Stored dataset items
# # # # #

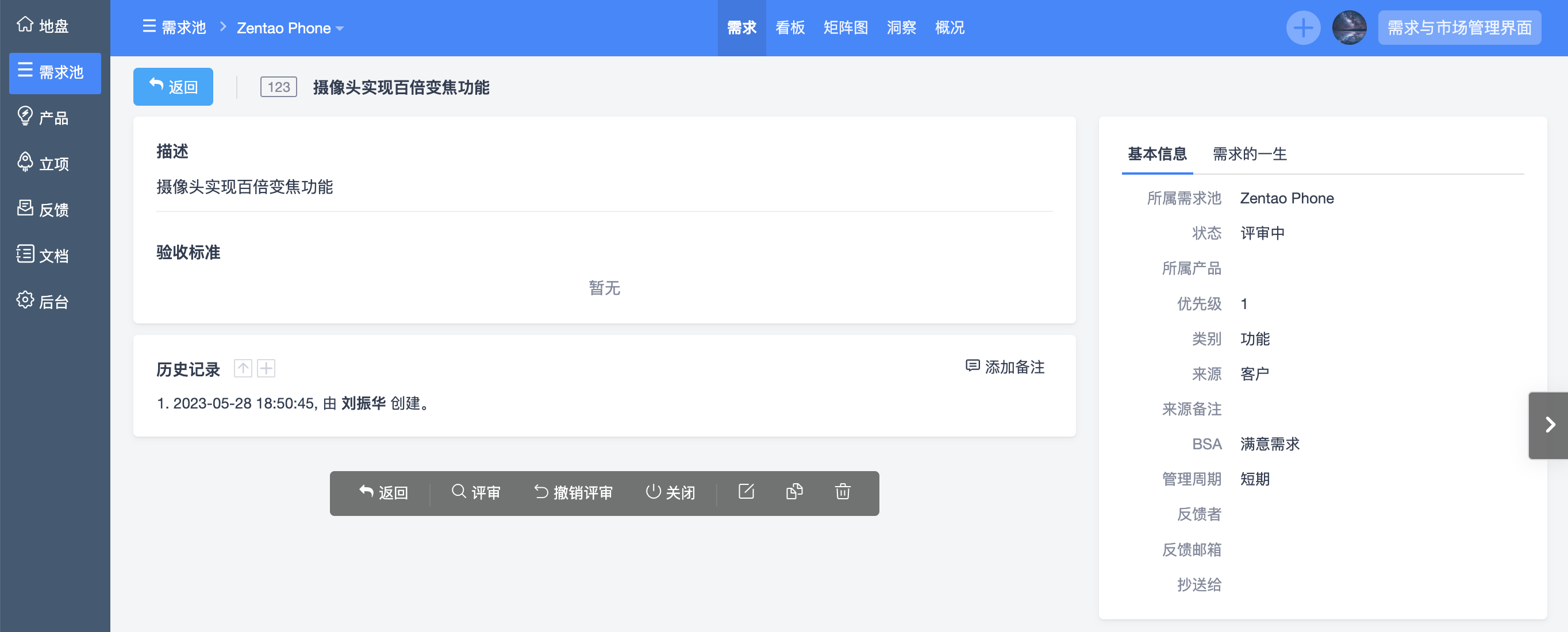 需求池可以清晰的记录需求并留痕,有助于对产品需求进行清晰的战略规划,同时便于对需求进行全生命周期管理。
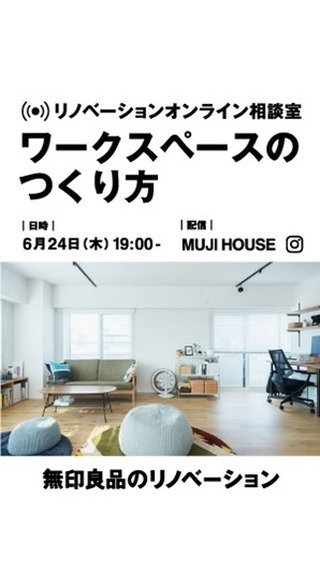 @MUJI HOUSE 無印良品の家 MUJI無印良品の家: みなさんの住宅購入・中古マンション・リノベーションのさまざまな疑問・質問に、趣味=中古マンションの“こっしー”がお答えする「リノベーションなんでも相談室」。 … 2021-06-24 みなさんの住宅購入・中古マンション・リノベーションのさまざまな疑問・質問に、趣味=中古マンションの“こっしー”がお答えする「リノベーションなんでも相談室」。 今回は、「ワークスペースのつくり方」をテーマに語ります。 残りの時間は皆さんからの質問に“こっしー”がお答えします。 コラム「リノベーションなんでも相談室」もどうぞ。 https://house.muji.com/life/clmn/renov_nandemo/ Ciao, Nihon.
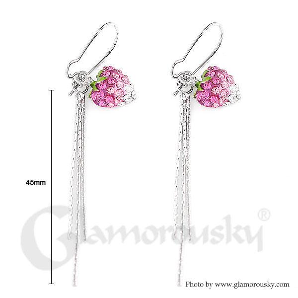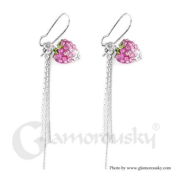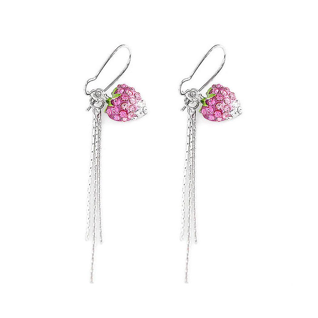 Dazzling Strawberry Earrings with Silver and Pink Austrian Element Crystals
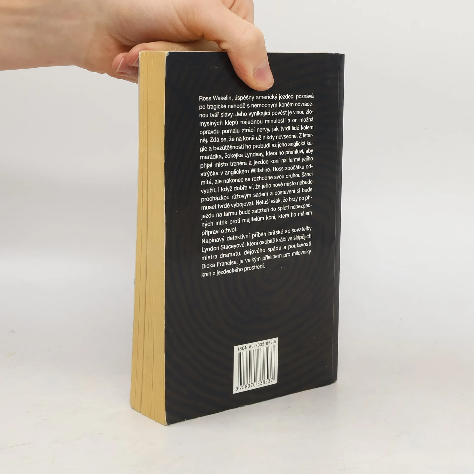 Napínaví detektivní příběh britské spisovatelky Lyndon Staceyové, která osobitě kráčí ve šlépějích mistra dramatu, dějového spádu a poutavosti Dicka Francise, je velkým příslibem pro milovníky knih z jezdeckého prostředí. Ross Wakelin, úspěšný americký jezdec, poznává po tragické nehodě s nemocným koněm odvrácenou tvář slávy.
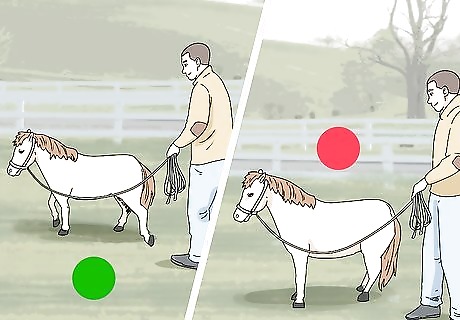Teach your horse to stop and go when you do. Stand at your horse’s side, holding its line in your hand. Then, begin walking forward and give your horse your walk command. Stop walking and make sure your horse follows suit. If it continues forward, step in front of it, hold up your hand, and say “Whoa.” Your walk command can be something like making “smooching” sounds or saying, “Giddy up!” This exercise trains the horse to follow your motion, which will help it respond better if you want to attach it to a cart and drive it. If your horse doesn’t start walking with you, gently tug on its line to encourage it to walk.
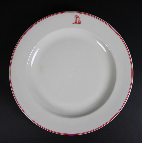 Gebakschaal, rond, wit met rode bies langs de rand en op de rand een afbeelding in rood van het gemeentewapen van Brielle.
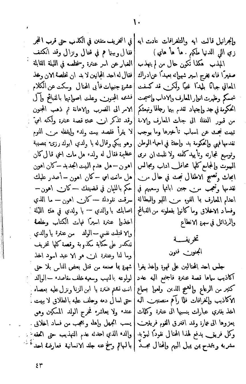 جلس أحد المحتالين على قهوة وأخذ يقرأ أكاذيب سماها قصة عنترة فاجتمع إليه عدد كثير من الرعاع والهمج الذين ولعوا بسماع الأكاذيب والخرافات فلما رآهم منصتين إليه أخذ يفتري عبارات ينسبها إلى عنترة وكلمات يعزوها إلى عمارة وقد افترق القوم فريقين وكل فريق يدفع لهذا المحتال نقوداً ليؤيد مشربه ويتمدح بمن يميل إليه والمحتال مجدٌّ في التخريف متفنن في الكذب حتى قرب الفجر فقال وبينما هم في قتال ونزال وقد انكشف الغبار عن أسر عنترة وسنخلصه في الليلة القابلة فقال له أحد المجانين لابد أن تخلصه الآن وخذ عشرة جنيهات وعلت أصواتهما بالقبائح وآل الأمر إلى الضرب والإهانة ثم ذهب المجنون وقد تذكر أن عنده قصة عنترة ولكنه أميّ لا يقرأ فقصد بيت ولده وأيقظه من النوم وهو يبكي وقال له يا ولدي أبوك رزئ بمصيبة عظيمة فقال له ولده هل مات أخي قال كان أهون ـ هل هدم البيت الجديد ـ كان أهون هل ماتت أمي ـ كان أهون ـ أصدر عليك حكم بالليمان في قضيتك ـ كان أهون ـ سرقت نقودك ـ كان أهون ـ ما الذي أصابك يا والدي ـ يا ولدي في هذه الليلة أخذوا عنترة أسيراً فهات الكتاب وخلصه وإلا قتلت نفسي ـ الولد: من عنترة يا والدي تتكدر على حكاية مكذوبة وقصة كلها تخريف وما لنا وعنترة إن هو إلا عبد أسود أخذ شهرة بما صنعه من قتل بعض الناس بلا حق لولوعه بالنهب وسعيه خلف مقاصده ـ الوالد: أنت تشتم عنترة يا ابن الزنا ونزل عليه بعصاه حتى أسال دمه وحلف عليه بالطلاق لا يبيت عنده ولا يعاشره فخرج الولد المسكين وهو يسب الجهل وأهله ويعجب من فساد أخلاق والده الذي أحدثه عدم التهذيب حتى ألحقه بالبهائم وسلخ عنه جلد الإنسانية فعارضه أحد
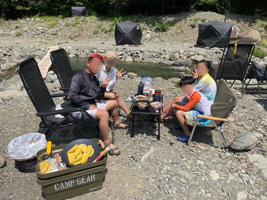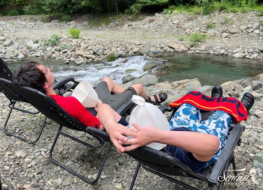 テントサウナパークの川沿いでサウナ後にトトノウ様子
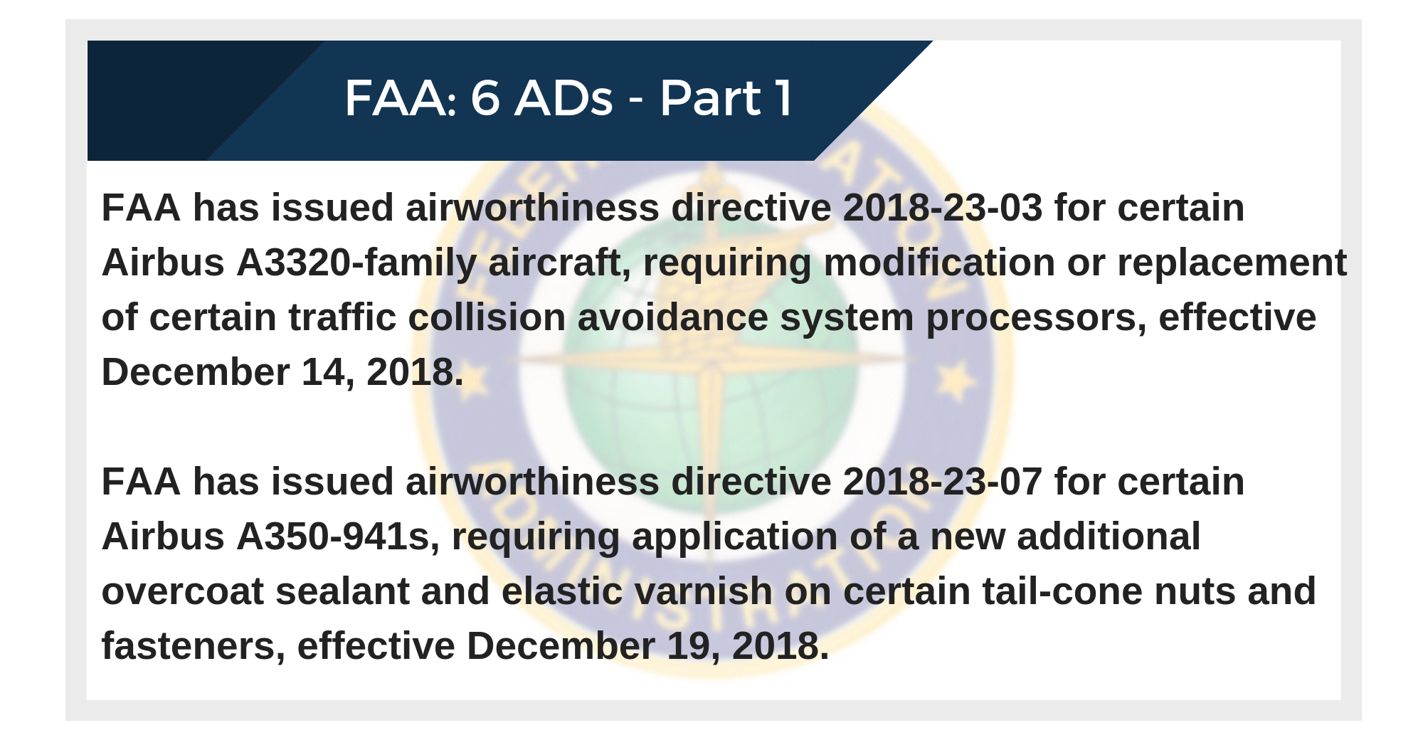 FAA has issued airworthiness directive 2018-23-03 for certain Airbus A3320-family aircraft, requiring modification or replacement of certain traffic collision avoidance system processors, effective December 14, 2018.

# # # # #

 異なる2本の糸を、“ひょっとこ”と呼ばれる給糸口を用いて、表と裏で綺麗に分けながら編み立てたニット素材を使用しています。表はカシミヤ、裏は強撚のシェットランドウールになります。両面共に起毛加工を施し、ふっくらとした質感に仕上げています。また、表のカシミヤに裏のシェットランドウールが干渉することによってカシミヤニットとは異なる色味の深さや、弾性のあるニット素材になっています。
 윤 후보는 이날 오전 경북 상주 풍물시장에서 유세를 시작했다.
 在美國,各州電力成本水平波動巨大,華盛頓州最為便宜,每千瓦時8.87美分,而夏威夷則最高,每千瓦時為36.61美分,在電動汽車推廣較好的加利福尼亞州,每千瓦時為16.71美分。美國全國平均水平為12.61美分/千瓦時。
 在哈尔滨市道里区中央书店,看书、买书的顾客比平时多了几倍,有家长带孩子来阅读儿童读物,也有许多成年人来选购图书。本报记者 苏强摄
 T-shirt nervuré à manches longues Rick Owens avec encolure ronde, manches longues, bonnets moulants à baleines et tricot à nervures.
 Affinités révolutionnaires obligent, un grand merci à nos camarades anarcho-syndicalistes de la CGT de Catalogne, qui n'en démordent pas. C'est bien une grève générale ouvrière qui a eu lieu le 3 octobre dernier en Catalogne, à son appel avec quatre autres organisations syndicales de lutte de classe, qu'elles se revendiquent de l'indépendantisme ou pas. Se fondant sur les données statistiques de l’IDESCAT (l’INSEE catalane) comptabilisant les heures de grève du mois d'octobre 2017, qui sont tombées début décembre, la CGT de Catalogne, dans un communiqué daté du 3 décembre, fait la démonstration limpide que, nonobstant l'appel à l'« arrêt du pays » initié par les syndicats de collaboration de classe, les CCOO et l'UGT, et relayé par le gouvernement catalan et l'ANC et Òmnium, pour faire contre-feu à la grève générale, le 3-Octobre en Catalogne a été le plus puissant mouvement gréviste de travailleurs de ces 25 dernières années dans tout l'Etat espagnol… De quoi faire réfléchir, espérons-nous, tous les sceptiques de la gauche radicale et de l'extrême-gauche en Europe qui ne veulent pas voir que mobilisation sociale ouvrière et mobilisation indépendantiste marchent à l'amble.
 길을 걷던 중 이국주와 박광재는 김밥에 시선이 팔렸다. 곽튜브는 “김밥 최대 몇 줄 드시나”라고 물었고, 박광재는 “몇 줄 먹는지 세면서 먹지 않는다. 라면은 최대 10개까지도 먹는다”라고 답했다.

# # # # #

_REQUIREMENT_
A clean copy is needed of the lines above from the one with "Dazzling Strawberry Earrings" up to and including the one with "Gebakschaal, rond, wit". Please set it down exactly, with no pictures.

_SOLVED EXERCISE_
 Dazzling Strawberry Earrings with Silver and Pink Austrian Element Crystals
 Napínaví detektivní příběh britské spisovatelky Lyndon Staceyové, která osobitě kráčí ve šlépějích mistra dramatu, dějového spádu a poutavosti Dicka Francise, je velkým příslibem pro milovníky knih z jezdeckého prostředí. Ross Wakelin, úspěšný americký jezdec, poznává po tragické nehodě s nemocným koněm odvrácenou tvář slávy.
Teach your horse to stop and go when you do. Stand at your horse’s side, holding its line in your hand. Then, begin walking forward and give your horse your walk command. Stop walking and make sure your horse follows suit. If it continues forward, step in front of it, hold up your hand, and say “Whoa.” Your walk command can be something like making “smooching” sounds or saying, “Giddy up!” This exercise trains the horse to follow your motion, which will help it respond better if you want to attach it to a cart and drive it. If your horse doesn’t start walking with you, gently tug on its line to encourage it to walk.
 Gebakschaal, rond, wit met rode bies langs de rand en op de rand een afbeelding in rood van het gemeentewapen van Brielle.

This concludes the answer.